Data provided section start

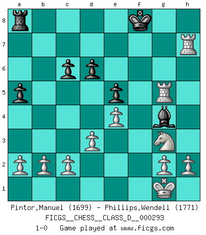 Last move : 1-0 2023 March 19 0:57:34 [Event "FICGS__CHESS__CLASS_D__000293"] [Site "FICGS"] [Date "2023.03.14"] [Round "1"] [White "Pintor,Manuel"] [Black "Phillips,Wendell"] [Result "1-0"] [WhiteElo "1699"] [BlackElo "1771"] 1.e4 d6 2.f4 c6 3.Nf3 Nd7 4.Bc4 h6 5.O-O Ngf6 6.Nc3 Qc7 7.d3 e5 8.f5 Be7 9.Nh4 Nh7 10.Qh5 O-O 11.Ng6 Re8 12.Bxf7+ Kxf7 13.Nh8+ Kg8 14.Qxe8+ Bf8 15.Nf7 Ndf6 16.Nxh6+ gxh6 17.Qg6+ Qg7 18.Ne2 Qxg6 19.fxg6 Ng5 20.Rxf6 Be7 21.Bxg5 hxg5 22.Rf7 Bf8 23.Raf1 Be6 24.Rxb7 Bg4 25.Ng3 a5 26.R1f7 Be6 27.Rh7 Bg4 28.g7 Bxg7 29.Rbxg7+ Kf8 30.Rxg5 1-0 Follow this game move after move (download)During a Chess competition a Chessmaster should be a combination of a beast of prey and a monk. (Alexander Alekhine) Ich habe kein Problem mit Frauen, sondern nur mit dem Niveau ihres Schachspiels (Judith Polgar) Creo que una cierta cantidad de temperamento es esperada de los genios del Ajedrez. (Ron Gross) Donnez-moi un Cavalier en 6e et je gagnerais toutes mes parties. (Steinitz) Men never do evil so completely and cheerfully as when they do it from religious conviction. (Blaise Pascal)
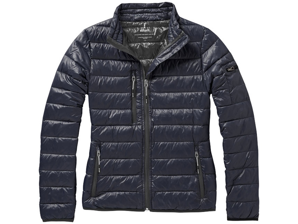 Женская легкая куртка Scotia. Стандартный покрой. Ткань не пропускает пух. Карманы для рук и нагрудный на молнии. Карман на рукаве на молнии можно использовать для нанесения. Резинка на манжетах и внизу куртки. Ремешки на собачку (второй комплект в цвете антрацит). Внутренний противоветровой клапан и защита подбородка. Ткань дышащая, ветронепроницаемая и влагоотталкивающая. Отражающий лого сзади. Легкий пуховик. Ткань из 100% нейлона с матовым и блестящим водоотталкивающим покрытием, 20D. 80% пух и 20% перо. 115 г/м².
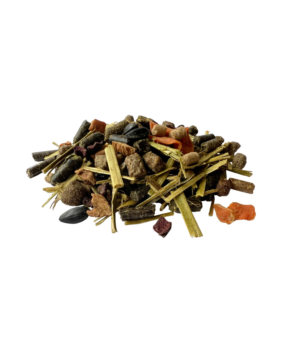 | Fütterungsmenge: | Füttere täglich 250 g pro 100 kg Körpergewicht, verteilt auf 2-3 Portionen. Für ein 600 kg schweres Pferd entspricht das 1,5 kg täglich. |
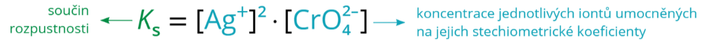 Na levé straně rovnice je nerozpuštěný chroman stříbrný, na pravé straně ionty, které vznikly rozpuštěním velmi malé části sraženiny. Pomocí Guldbergova-Waagova zákona zapíšeš rovnovážnou konstantu pro tuto reakci (viz podkapitola 6.1. Chemické rovnováhy). V čitateli zlomku budou produkty reakce (rozpuštěné ionty) a ve jmenovateli reaktanty (sraženina).

Data provided section end

*Problem details:*
The reply should repeat the listing above exactly and contain no pictures.

*Your solution:*
 Last move : 1-0 2023 March 19 0:57:34 [Event "FICGS__CHESS__CLASS_D__000293"] [Site "FICGS"] [Date "2023.03.14"] [Round "1"] [White "Pintor,Manuel"] [Black "Phillips,Wendell"] [Result "1-0"] [WhiteElo "1699"] [BlackElo "1771"] 1.e4 d6 2.f4 c6 3.Nf3 Nd7 4.Bc4 h6 5.O-O Ngf6 6.Nc3 Qc7 7.d3 e5 8.f5 Be7 9.Nh4 Nh7 10.Qh5 O-O 11.Ng6 Re8 12.Bxf7+ Kxf7 13.Nh8+ Kg8 14.Qxe8+ Bf8 15.Nf7 Ndf6 16.Nxh6+ gxh6 17.Qg6+ Qg7 18.Ne2 Qxg6 19.fxg6 Ng5 20.Rxf6 Be7 21.Bxg5 hxg5 22.Rf7 Bf8 23.Raf1 Be6 24.Rxb7 Bg4 25.Ng3 a5 26.R1f7 Be6 27.Rh7 Bg4 28.g7 Bxg7 29.Rbxg7+ Kf8 30.Rxg5 1-0 Follow this game move after move (download)During a Chess competition a Chessmaster should be a combination of a beast of prey and a monk. (Alexander Alekhine) Ich habe kein Problem mit Frauen, sondern nur mit dem Niveau ihres Schachspiels (Judith Polgar) Creo que una cierta cantidad de temperamento es esperada de los genios del Ajedrez. (Ron Gross) Donnez-moi un Cavalier en 6e et je gagnerais toutes mes parties. (Steinitz) Men never do evil so completely and cheerfully as when they do it from religious conviction. (Blaise Pascal)
 Женская легкая куртка Scotia. Стандартный покрой. Ткань не пропускает пух. Карманы для рук и нагрудный на молнии. Карман на рукаве на молнии можно использовать для нанесения. Резинка на манжетах и внизу куртки. Ремешки на собачку (второй комплект в цвете антрацит). Внутренний противоветровой клапан и защита подбородка. Ткань дышащая, ветронепроницаемая и влагоотталкивающая. Отражающий лого сзади. Легкий пуховик. Ткань из 100% нейлона с матовым и блестящим водоотталкивающим покрытием, 20D. 80% пух и 20% перо. 115 г/м².
 | Fütterungsmenge: | Füttere täglich 250 g pro 100 kg Körpergewicht, verteilt auf 2-3 Portionen. Für ein 600 kg schweres Pferd entspricht das 1,5 kg täglich. |
 Na levé straně rovnice je nerozpuštěný chroman stříbrný, na pravé straně ionty, které vznikly rozpuštěním velmi malé části sraženiny. Pomocí Guldbergova-Waagova zákona zapíšeš rovnovážnou konstantu pro tuto reakci (viz podkapitola 6.1. Chemické rovnováhy). V čitateli zlomku budou produkty reakce (rozpuštěné ionty) a ve jmenovateli reaktanty (sraženina).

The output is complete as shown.